Il terzo motivo di ricorso va parimenti disatteso. Appare perfettamente conforme ai dettami costituzionale il riparto di giurisdizione in materia di retrocessione, ancorato - in coerenza alla disciplina di cui alla L. n. 2359 del 1865, art. 60 e ss., - al binomio diritti-interessi. Ove sia necessario l'apprezzamento discrezionalità dell'amministrazione d'inservibilità dei beni, nel quadro della valutazione complessa che prima si è descritta, non può esservi ingerenza da parte del giudice ordinario. Il soggetto che sia interessato alla definizione del procedimento valutativo ai fini di ottenere la retrovendita dei beni espropriatigli, può sollecitare la dichiarazione d'inservibilità, e in mancanza ben può attivare la procedura di formazione del silenzio-inadempimento, strumentale alla rimozione della inerzia amministrativa, rimessa al giudice amministrativo, che è giudice di pari dignità e idoneo ad assicurare adeguata tutela delle posizioni giuridiche soggettive del cittadino (Corte cost. 6.7.2004, n. 204).

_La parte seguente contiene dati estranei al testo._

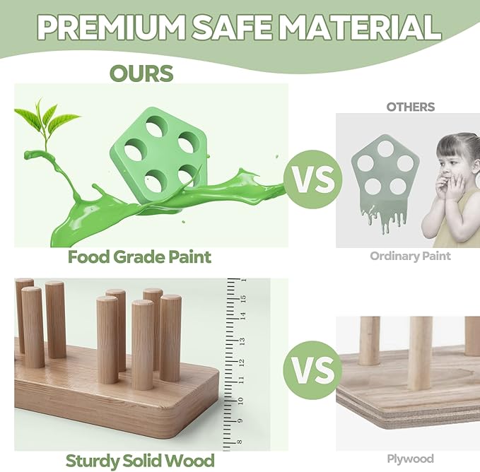 - Quality and Safety First: Our upgraded natural solid wood base with immovable pegs is thicker and heavier than other plywood ones, it's more sturdy and durable. Blocks are covered with food safe paint that are non-toxic, odorless and anti-fade, and they won't stick together. Smooth surface and round edges protect your baby's little hands from scratching. There's no choking hazard as the montessori baby toys passed the CPSIA 963 widget test.

Il mancato perfezionamento del diritto soggettivo alla retrocessione, per l'assenza di una dichiarazione d'inservibilità di parte dei beni espropriati, induce a dichiarare, in riferimento all'azione promossa dall'attuale ricorrente, la giurisdizione del giudice amministrativo: in applicazione del principio della translatio iudicii la causa va rimessa al competente Tar Campania.
Al rigetto del ricorso segue la condanna alle spese, come da dispositivo.

P.Q.M.

La Corte rigetta il ricorso, dichiara la giurisdizione del giudice amministrativo, rimettendo le parti davanti al Tar Campania, e condanna il ricorrente alle spese, liquidate in Euro 3.600,00, di cui Euro 3.500,00 per onorari.
Così deciso in Roma, il 6 maggio 2008.
Depositata in Cancelleria il 5 giugno 2008.